I have been here before with another furry baby, my teacup Chihuahua named Granny. So even before my appointment with his wonderful vet, I had an idea what was going to happen.
The vet-tech texted me only an hour after I had dropped Buddy off to ask if I could come back and speak with the vet. Dr. A., a magnificent young woman, did not want to use the Video Relay Service. She did not want to text me. She desired to speak to me face to face.

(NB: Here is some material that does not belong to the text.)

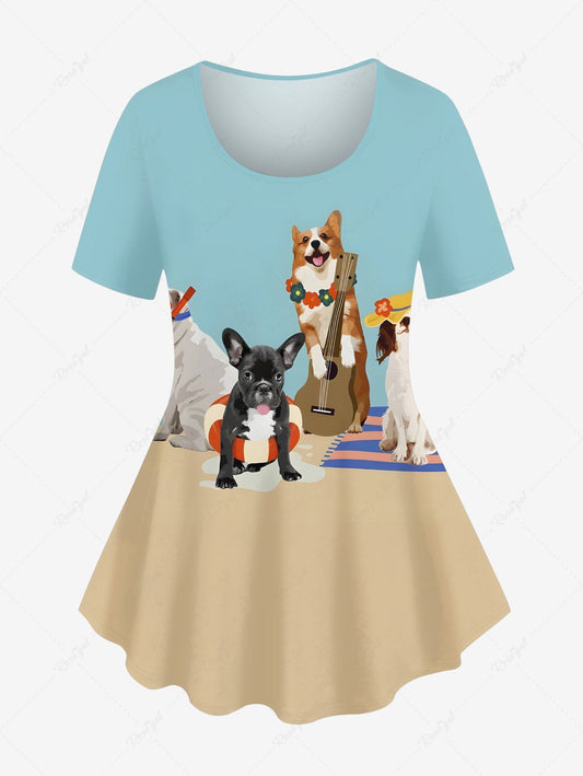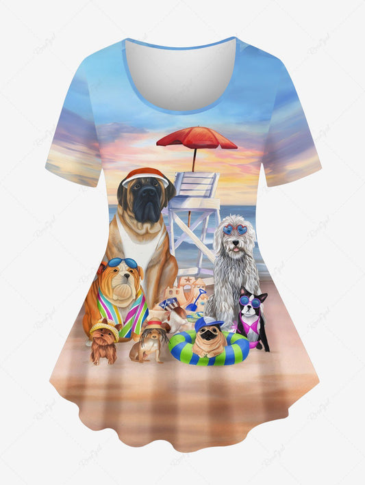 Plus Size Cute Dog Sea Beach Ombre Sky Printed Hawaii Women T-shirt

Buddy’s heart was double the size it should have been. He was struggling to breathe because his lungs had been compressed to a third of their size by his swollen heart. There might, she explained, be some help, however, the closest Cardiac Veterinarian was in Seattle. Seattle is an hour and a half drive for us. Well worth the trip, but she let me know Buddy probably wouldn’t make it more than a day or two as his little body was beginning to shut down.
I brought him home and spent the following day, from three in the morning until three thirty in the afternoon, loving and being with him. I laid on the floor when he wanted in his bed. When he staggered down the hallway to our bedroom, we curled up on my bed and napped.
People who do not have Fuzzy Children cannot comprehend how great the loss is when they are gone. My heart, as well as my family’s, is broken. The hole that Buddy occupied in my heart is empty.
I will continue to cry and wish Buddy was here. Yet I have twelve years of beautiful memories of my little darling to help me through this tough time.
Thank you for all of you who sent well wishes. It really did help soothe my pain.
Thank you for your time and as always “Keep Reading!”